━━━━━ Entries shown ━━━━━

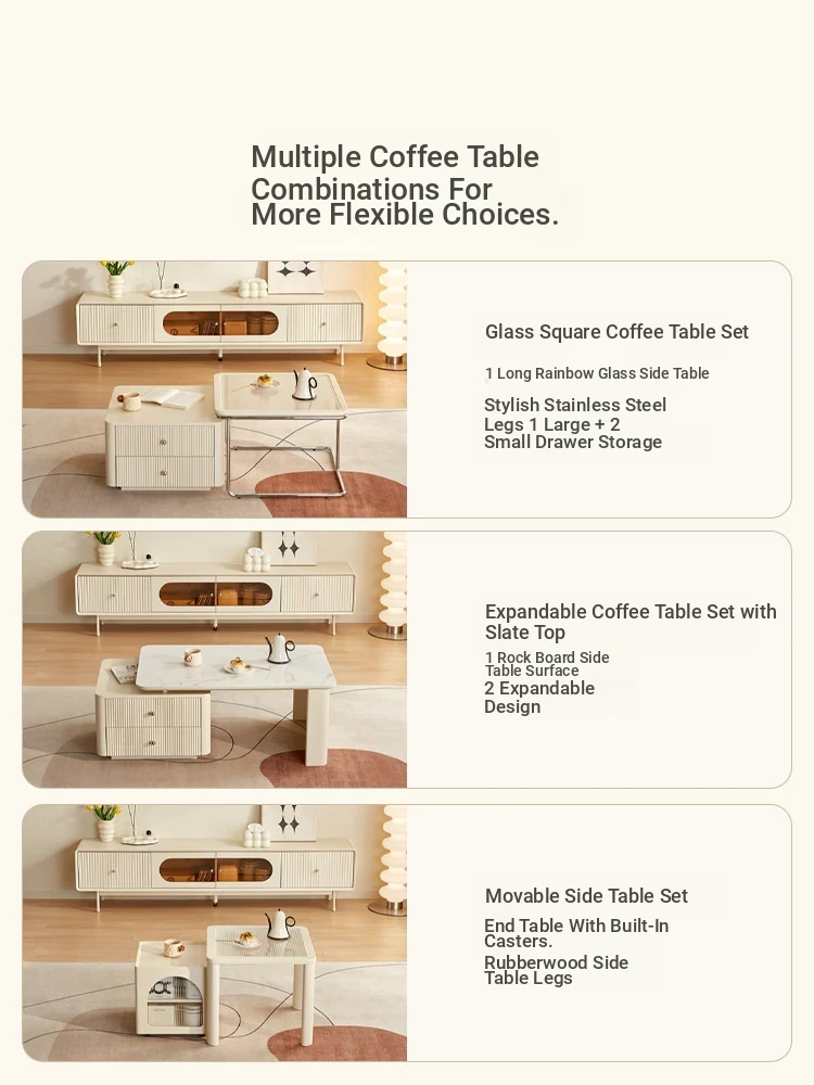 Linsy Home Creamy Style TV Stand and Coffee Table Set - Elegant Floor Glass TV Cabinet for Living Room - Quality Craftsmanship by Linsy Woodworks
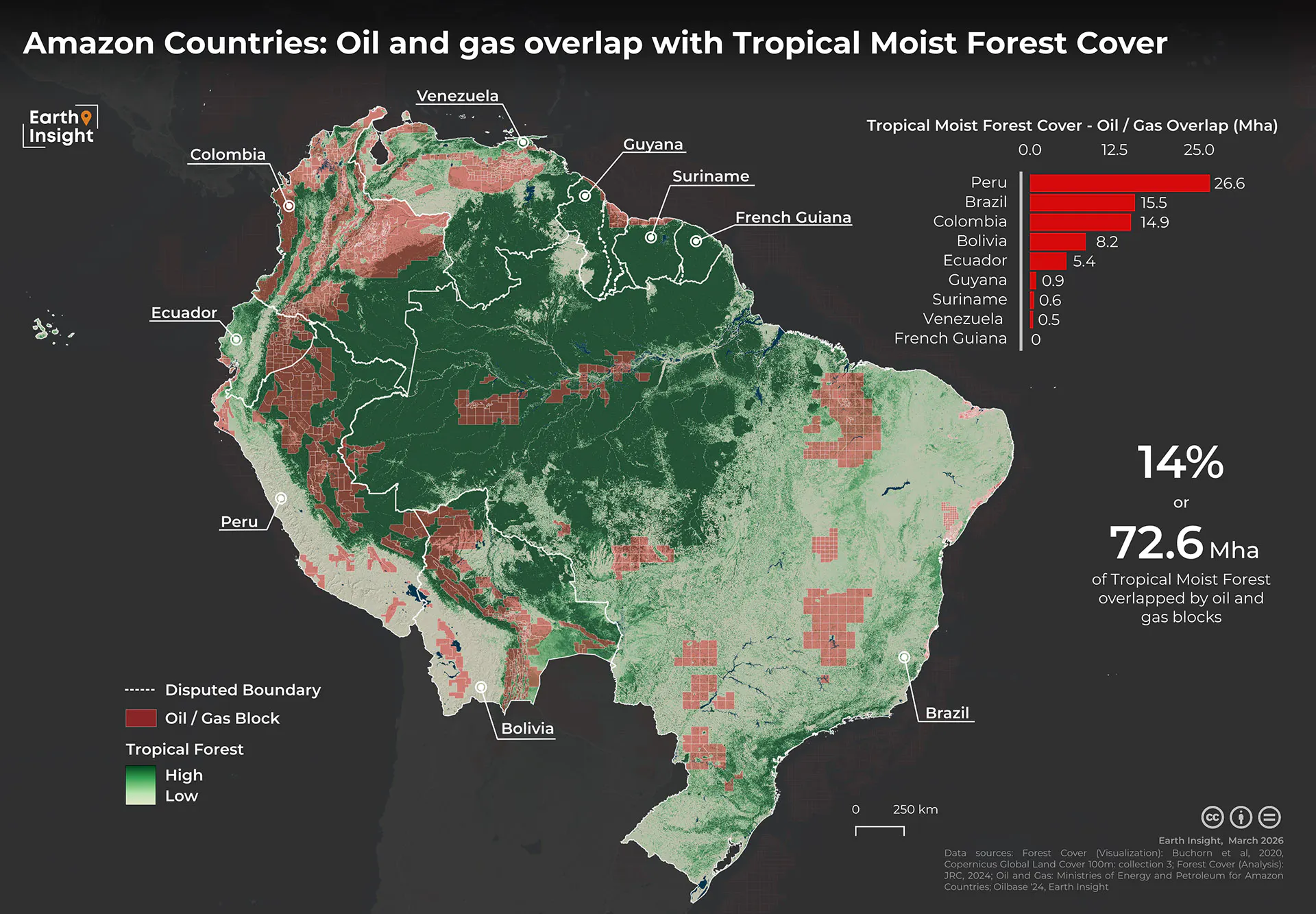 Oil and gas blocks overlap with a fifth of forests in the Amazon, Congo Basin and SE Asia – policies are needed to transition away from fossil fuels and halt deforestation together
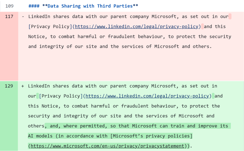 LinkedIn shares data with our parent company Microsoft […], so that Microsoft can train and improve its AI models (line 129)
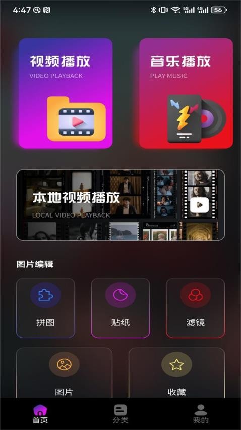 - 打开应用后自动检测存储权限,点击首页「本地资源」即可浏览手机相册视频;
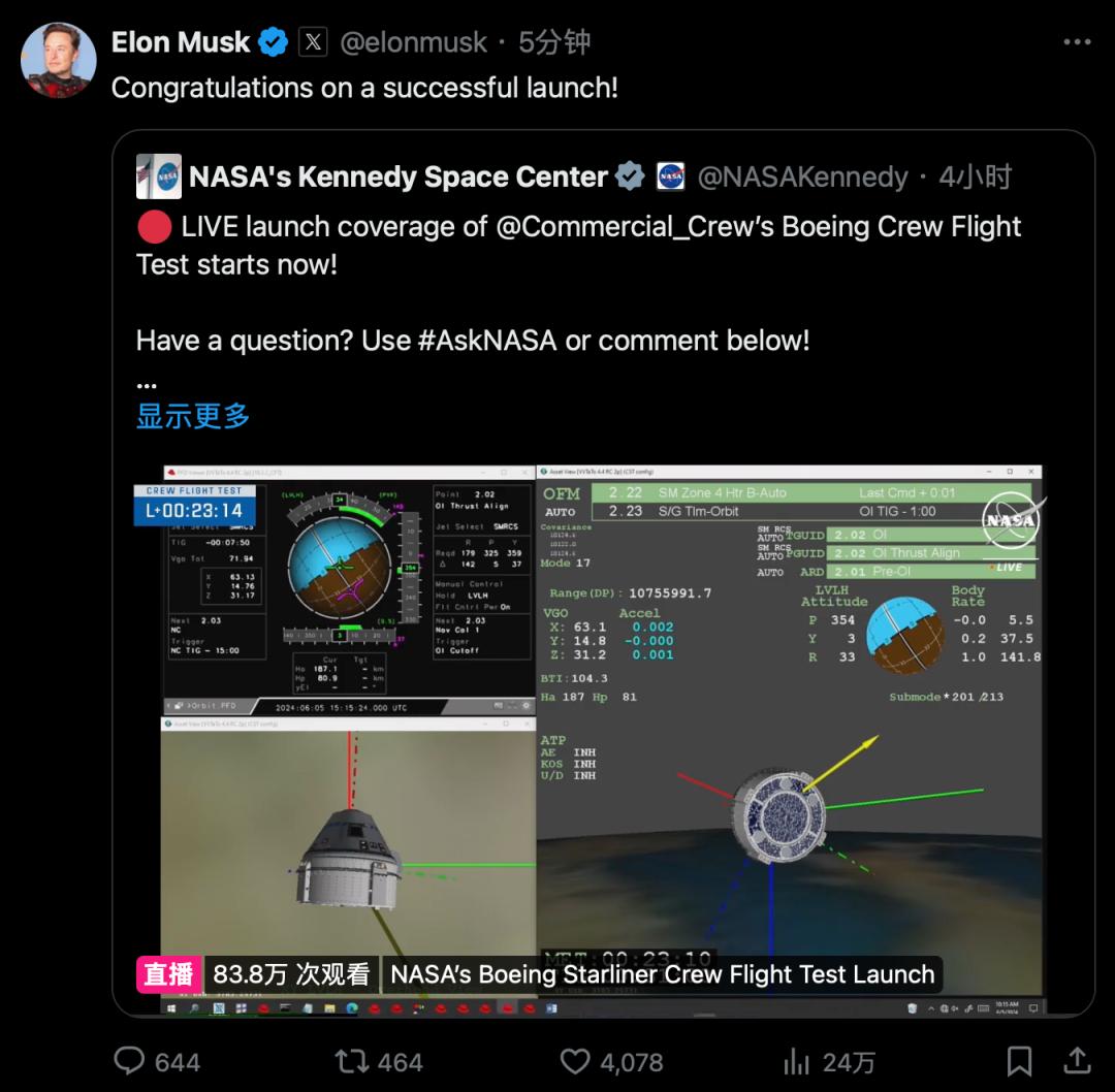直播飞行过程中,马斯克也实时在线观看,还第一时间送上了祝福。
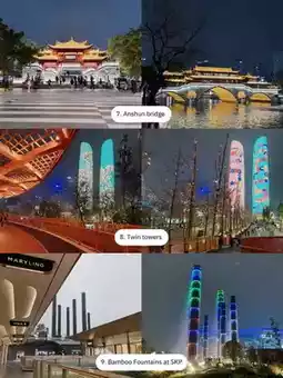9. Bamboo fountain at SKP Bamboo fountain at SKP mall, this place is very popular, many people share it on TikTok, the real thing is really beautiful and magnificent. Anyone who comes here should bring a clear umbrella to take pictures under the waterfall. You will get a very beautiful and unique picture. As for SKP Mall, it is a high-end shopping mall with branded brands. There are few food items and they are very expensive. 🚃 Travel: Take the metro and get off at Jincheng Plaza Station. When you come out, you will see the Bamboo Fountain. Walk for another 500 meters.
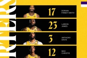 赛前,湖人公布了本场首发:克里斯蒂、里夫斯、詹姆斯、芬尼-史密斯、浓眉。
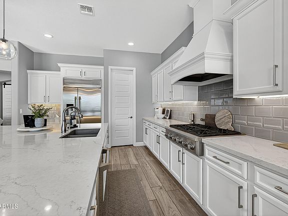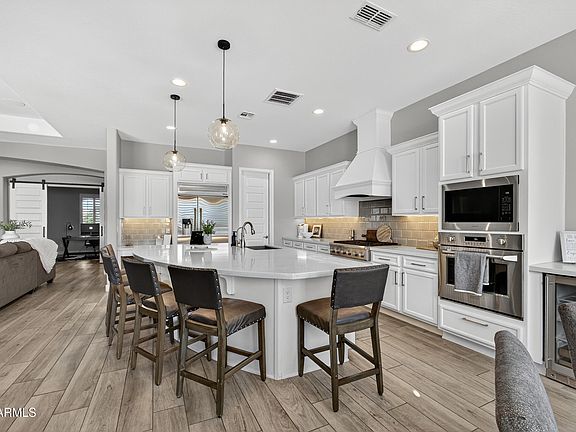 Check out this David Weekly Built, SINGLE STORY, 5 bed, + Office, 4.5 Baths, 4 CAR GARAGE, on over a 1/2 Acre lot in the GATED COMMUNITY of Acacia Estates. The backyard features an Oversized Patio, Pergola w/ a built in BBQ Grill, Views of the San Tan Mountains, Salt Water Pool & Spa, Turf in all the right places, and RV Gate to store all your toys. Inside, you will find wood-look tile throughout the entire home, a gourmet kitchen w/ GE Monogram Appliances, built in oven & refrigerator, 42'' staggered cabinetry, and walk in pantry. The living room has great detail with a built in entertainment center, huge patio slider doors & coffered ceilings. South Gilbert is an amazing place to live with access to hike the San Tan Mountains, great local restaurants & shopping like Blue 32 & Designer Blvd. and A+ Rated Schools, this house is the one!
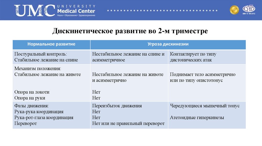 Дискинетическое развитие во 2-м триместреНормальное развитие
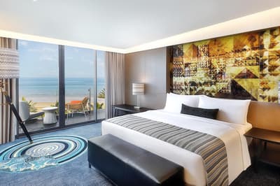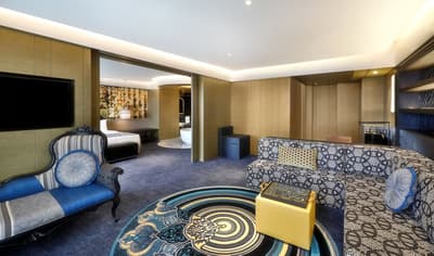 L’ensemble est dans un style contemporain avec des accessoires et des luminaires design, des tableaux colorés et des fresques murales abstraites qui harmonisent le tout. La chambre est dotée d’un lit king et la salle de bains en marbre est équipée d’une baignoire et douche séparées. Elle comprend également un coin salon/séjour pour vous détendre et vous divertir devant la télé. À noter qu’elle est accessible aux malentendants avec des alarmes visuelles et des dispositifs de notification pour la porte et le téléphone. Le tout dans une atmosphère conviviale !
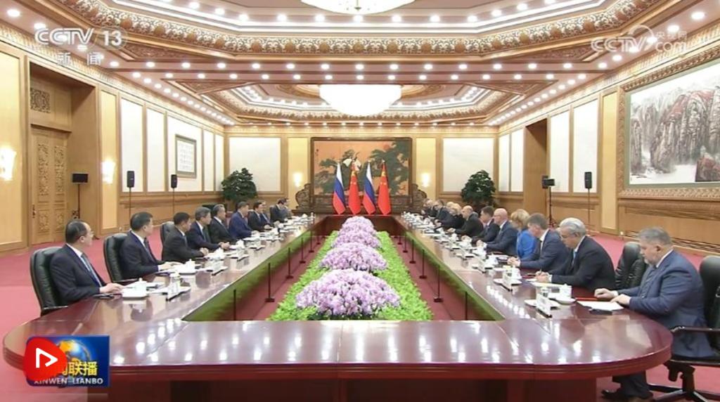 11月4日上午,國家主席習(xí)近平在北京人民大會堂會見俄羅斯總理米舒斯京。
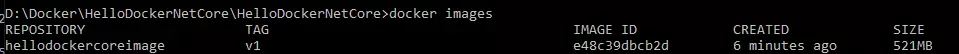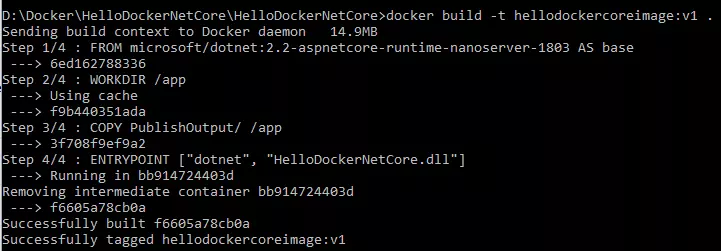 docker build -t hellodockercoreimage:v1 . 如图所示:
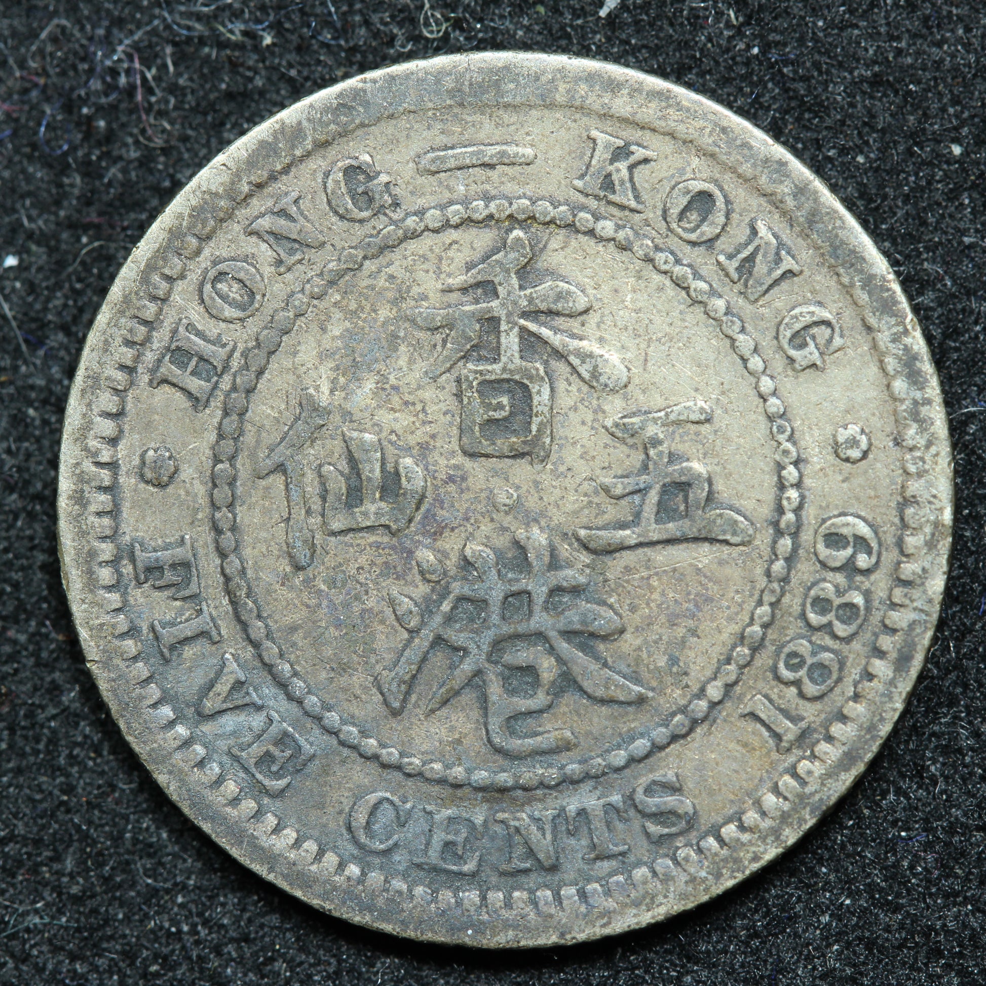 1889 Hong Kong 5 Five Cents Silver .800 Fine KM# 5
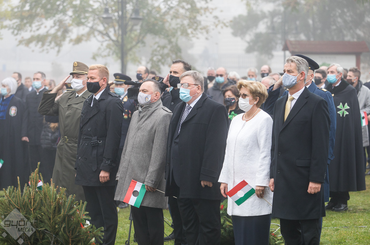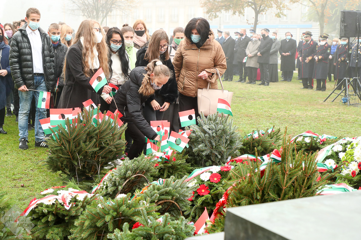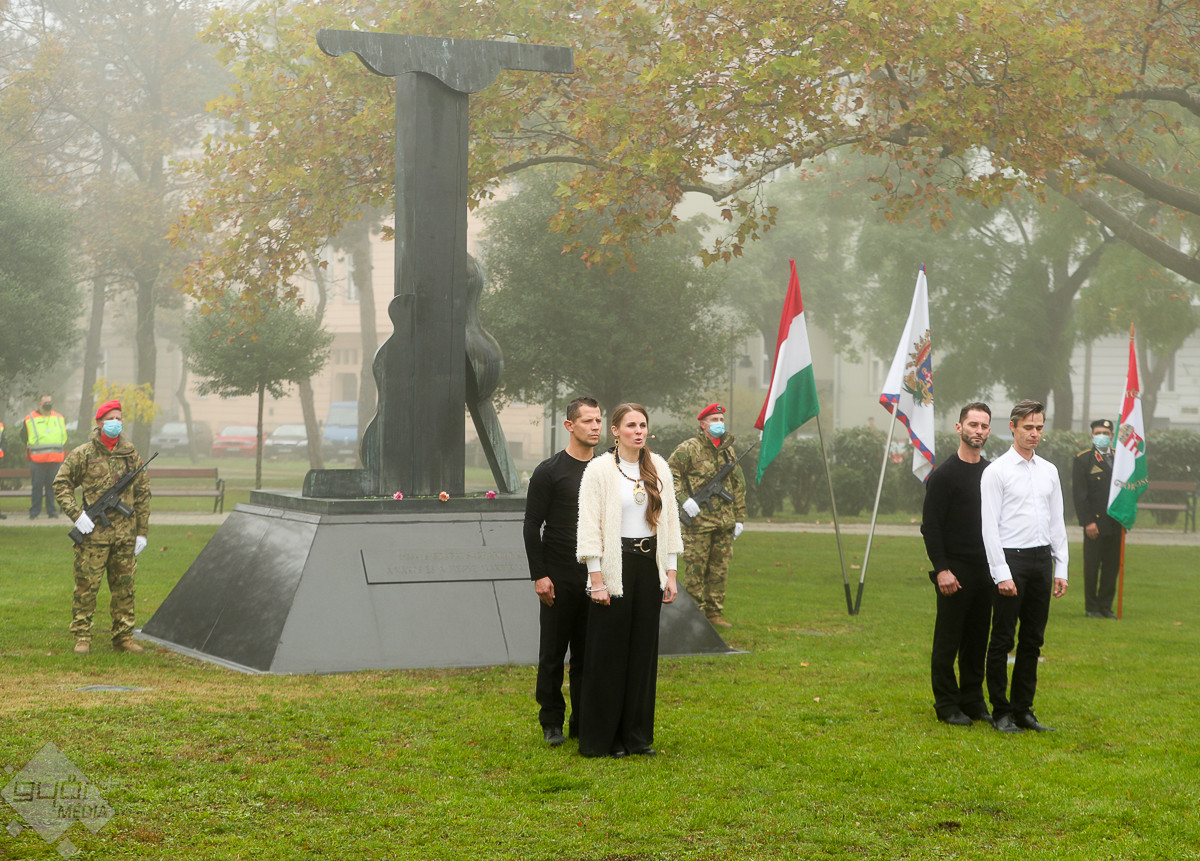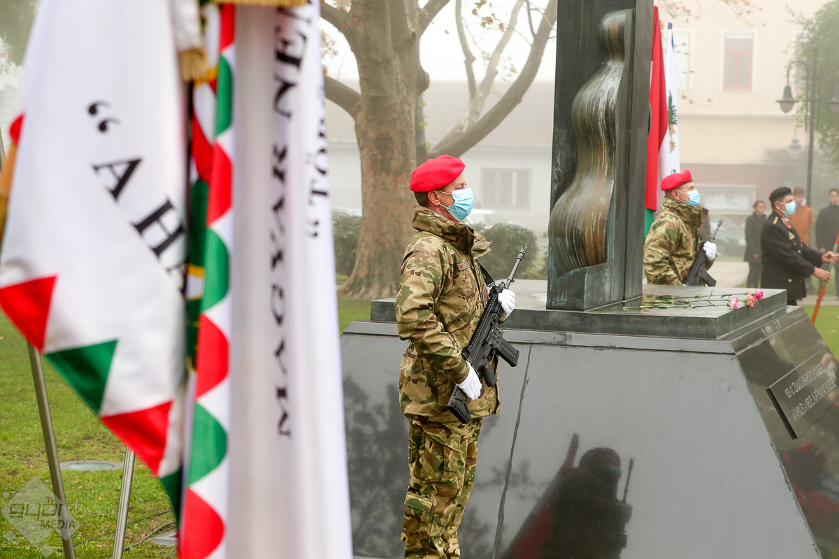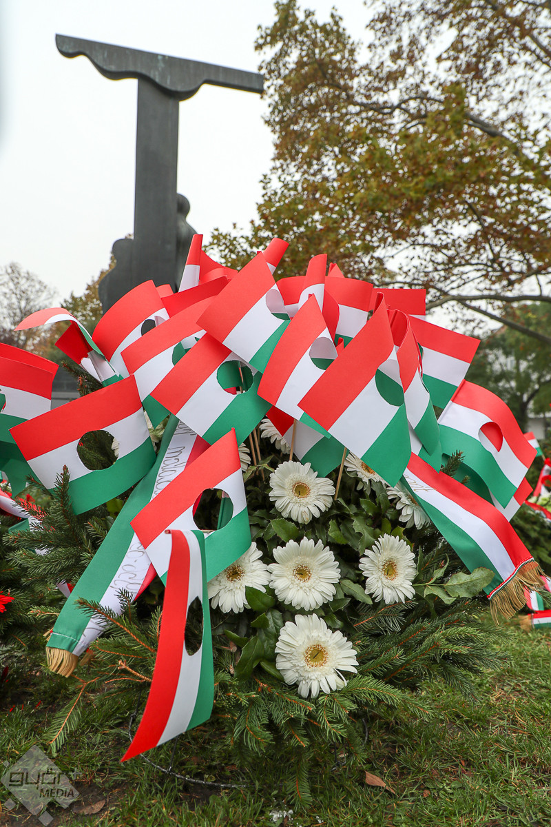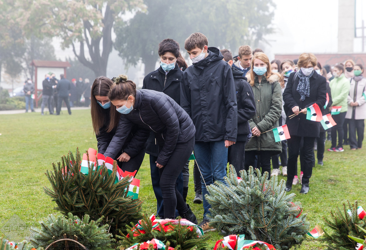 „Az ember és a nemzet természetes létállapota a szabadság. Ezt a szabadságot átmenetileg korlátozhatják az ordas eszmék szolgálatába álló zsarnoki hatalmak. Meggyalázhatják a nemzet múltját, átírhatják történelmét, polgáraiba belefojthatják a szót, börtönbe zárhatják őket, akár az életüket is elvehetik tőlük. De a történelmi példák mind azt mutatják: a szabadságvágy utat tör magának, elsodor minden hamis eszmét, s ha van hozzá nemzeti erő, akarat, összefogás, akkor, ha áldozatok árán is, de a nemzet fönnmarad, polgárai pedig visszaveszik szabadságukat.” – mondta emlékező beszédében Dr. Dézsi Csaba András polgármester. Hozzátette, büszkék lehetünk a saját hőseinkre, akik meghatározó történelmi egyéniségei lettek a forradalomnak. Felidézte Szigethy Attila, Földes Gábor, Tihanyi Árpád, Török István alakját, a forradalomban betöltött történelmi jelentőségű szerepüket, és az áldozatot, amelyet a nemzetért hoztak.

━━━━━

Prompt:
Look above for the line with "赛前,湖人公布了本场首发:克里斯蒂、里夫斯、詹姆斯、芬尼-史密斯、浓眉。"; quote it and every line after it, stopping after the line with "1889 Hong Kong", exactly, with nothing added and without pictures.

Worked solution:
 赛前,湖人公布了本场首发:克里斯蒂、里夫斯、詹姆斯、芬尼-史密斯、浓眉。
 Check out this David Weekly Built, SINGLE STORY, 5 bed, + Office, 4.5 Baths, 4 CAR GARAGE, on over a 1/2 Acre lot in the GATED COMMUNITY of Acacia Estates. The backyard features an Oversized Patio, Pergola w/ a built in BBQ Grill, Views of the San Tan Mountains, Salt Water Pool & Spa, Turf in all the right places, and RV Gate to store all your toys. Inside, you will find wood-look tile throughout the entire home, a gourmet kitchen w/ GE Monogram Appliances, built in oven & refrigerator, 42'' staggered cabinetry, and walk in pantry. The living room has great detail with a built in entertainment center, huge patio slider doors & coffered ceilings. South Gilbert is an amazing place to live with access to hike the San Tan Mountains, great local restaurants & shopping like Blue 32 & Designer Blvd. and A+ Rated Schools, this house is the one!
 Дискинетическое развитие во 2-м триместреНормальное развитие
 L’ensemble est dans un style contemporain avec des accessoires et des luminaires design, des tableaux colorés et des fresques murales abstraites qui harmonisent le tout. La chambre est dotée d’un lit king et la salle de bains en marbre est équipée d’une baignoire et douche séparées. Elle comprend également un coin salon/séjour pour vous détendre et vous divertir devant la télé. À noter qu’elle est accessible aux malentendants avec des alarmes visuelles et des dispositifs de notification pour la porte et le téléphone. Le tout dans une atmosphère conviviale !
 11月4日上午,國家主席習(xí)近平在北京人民大會堂會見俄羅斯總理米舒斯京。
 docker build -t hellodockercoreimage:v1 . 如图所示:
 1889 Hong Kong 5 Five Cents Silver .800 Fine KM# 5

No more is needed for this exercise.